— DATASET EXCERPT —
----

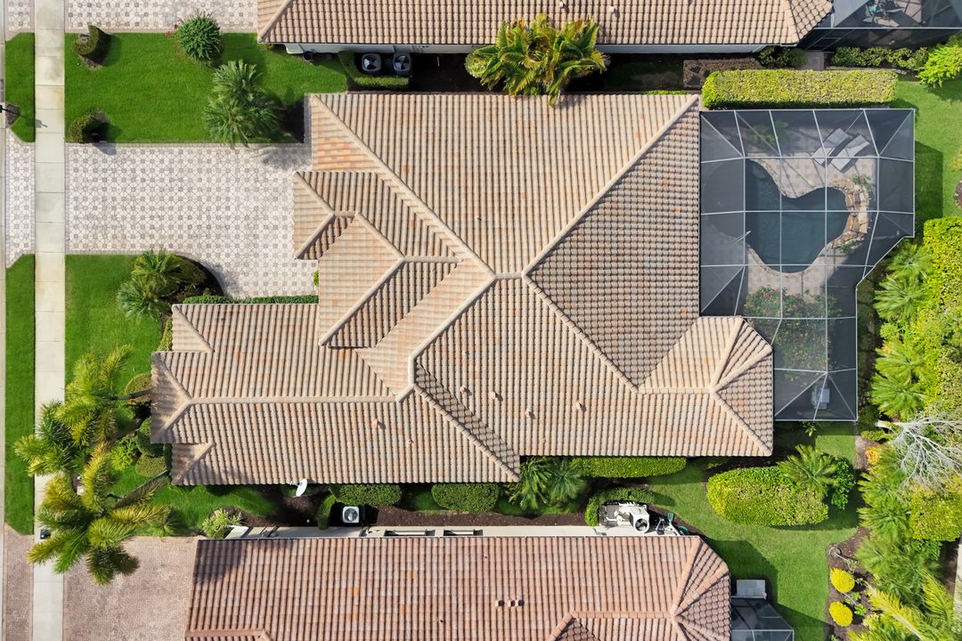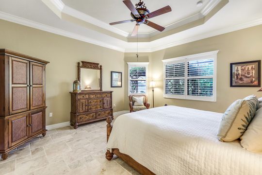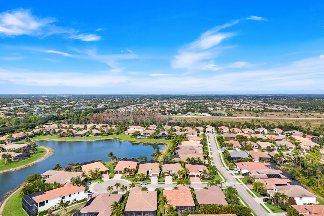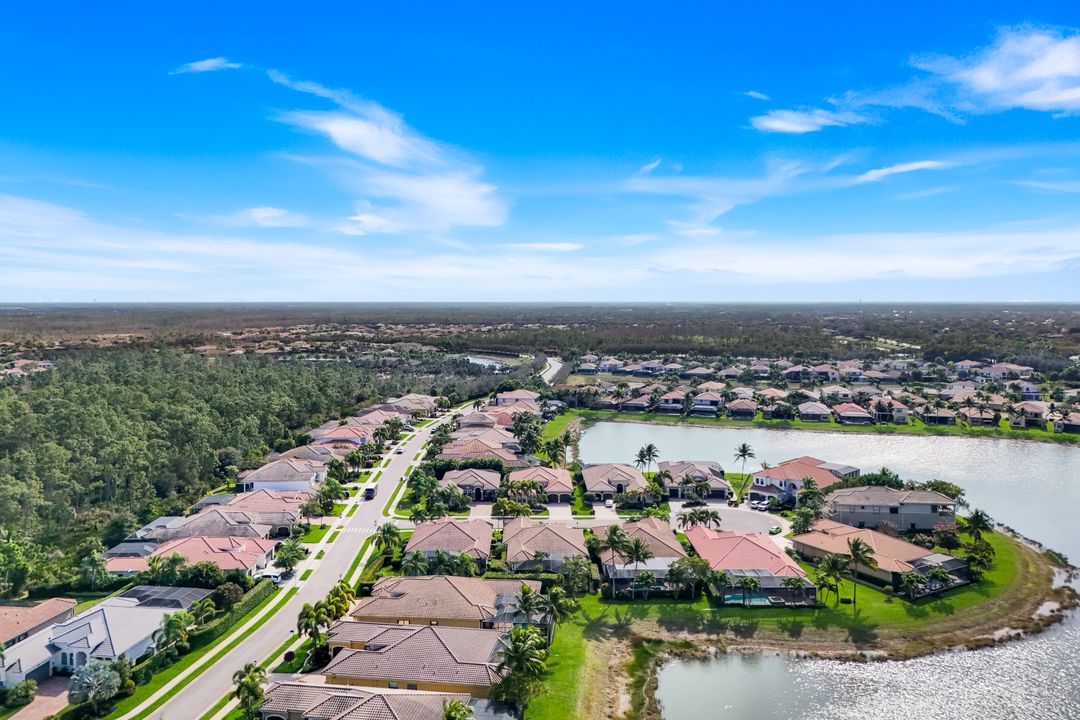 This Bellagio estate home is designed for effortless entertaining and relaxed Southwest Florida living, offering generous space, refined finishes, and exceptional outdoor amenities. A grand 14-foot entry foyer with coffered ceiling sets the tone, opening to chiseled-edge marble flooring that flows throughout the home. The expansive great room and formal dining area create a welcoming environment for both everyday living and hosting guests. The chef’s kitchen is a true centerpiece, featuring an oversized island, granite countertops, upgraded 42-inch glazed cream cabinetry, ambient lighting, and stainless-steel LG appliances, including a new LG refrigerator. Four well-proportioned bedrooms provide versatility, including one set behind elegant glass French doors that would make an ideal home office or den. The owner’s suite offers a peaceful retreat with dual custom-finished walk-in closets and a spa-inspired bath with double vanities, soaking tub, and walk-in shower. Additional highlights include crown molding, decorative trim above slider and kitchen windows, plantation shutters, designer lighting, ceiling fans, a laundry room with utility sink and LG washer & dryer, epoxy-finished garage floor, and a newer HVAC system. The home is offered furnished in a relaxed, Tommy Bahama–inspired style, making it ideal as a move-in-ready second home or full-time residence. Step outside to an extra-high screened lanai with a picture window framing a serene lake view. A custom free-form saltwater pool with waterfall feature & sun shelf anchors this private, resort-style retreat. Indoor-outdoor living takes center stage beneath the expansive covered lanai, approximately 34 by 12 feet, offering generous space for both lounging and dining. A Hot Springs hot tub beneath a pergola provides an inviting place to unwind at day’s end, while beyond the lanai, the thoughtfully designed backyard is lushly landscaped for added privacy and tranquility. Electric Storm Smart screens provide protection, privacy, and peace of mind. Quietly situated on a cul-de-sac street and conveniently close to the clubhouse. Riverstone offers a vibrant, vacation-inspired lifestyle for all ages. Located in North Naples, just minutes from I-75 and zoned for "A"-rated schools, the community features a fitness center, social hall, resort-style pool, lap pool, spa, five lighted tennis courts, outdoor basketball and pickleball, a full indoor basketball court, tot lot, children’s water play area, game room, and an activities coordinator; making it easy to meet new friends. Don’t miss your chance to step into the Naples lifestyle. Your dream home awaits, ready to enjoy from the moment you arrive.
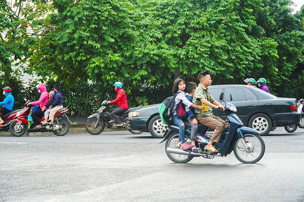| Tình trạng phụ huynh không nhắc nhở con em đội mũ bảo hiểm diễn ra phổ biến. |
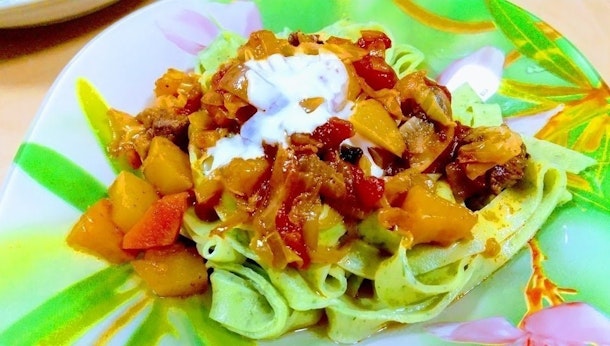 ホラズムと言えば世界遺産「ヒヴァ」です。砂漠の真ん中にある青いドームのオアシスで生まれた香草が練りこまれた緑の麺のラグマンです。食欲が落ちる夏の時期によく食べる料理で、ハーブ入りの爽やかな味のする麺と、酸味のあるトマトソースは食欲をそそります。ハーブには、ディルなどが良く使われています。真ん中のポテト&肉の煮込みとヨーグルトソースのコラボレーションが絶妙です!

----

The line containing "phổ biến. |" and every line after it, through the end of the data, are to be output exactly. Omit the pictures.

— EXPECTED ANSWER —
| Tình trạng phụ huynh không nhắc nhở con em đội mũ bảo hiểm diễn ra phổ biến. |
 ホラズムと言えば世界遺産「ヒヴァ」です。砂漠の真ん中にある青いドームのオアシスで生まれた香草が練りこまれた緑の麺のラグマンです。食欲が落ちる夏の時期によく食べる料理で、ハーブ入りの爽やかな味のする麺と、酸味のあるトマトソースは食欲をそそります。ハーブには、ディルなどが良く使われています。真ん中のポテト&肉の煮込みとヨーグルトソースのコラボレーションが絶妙です!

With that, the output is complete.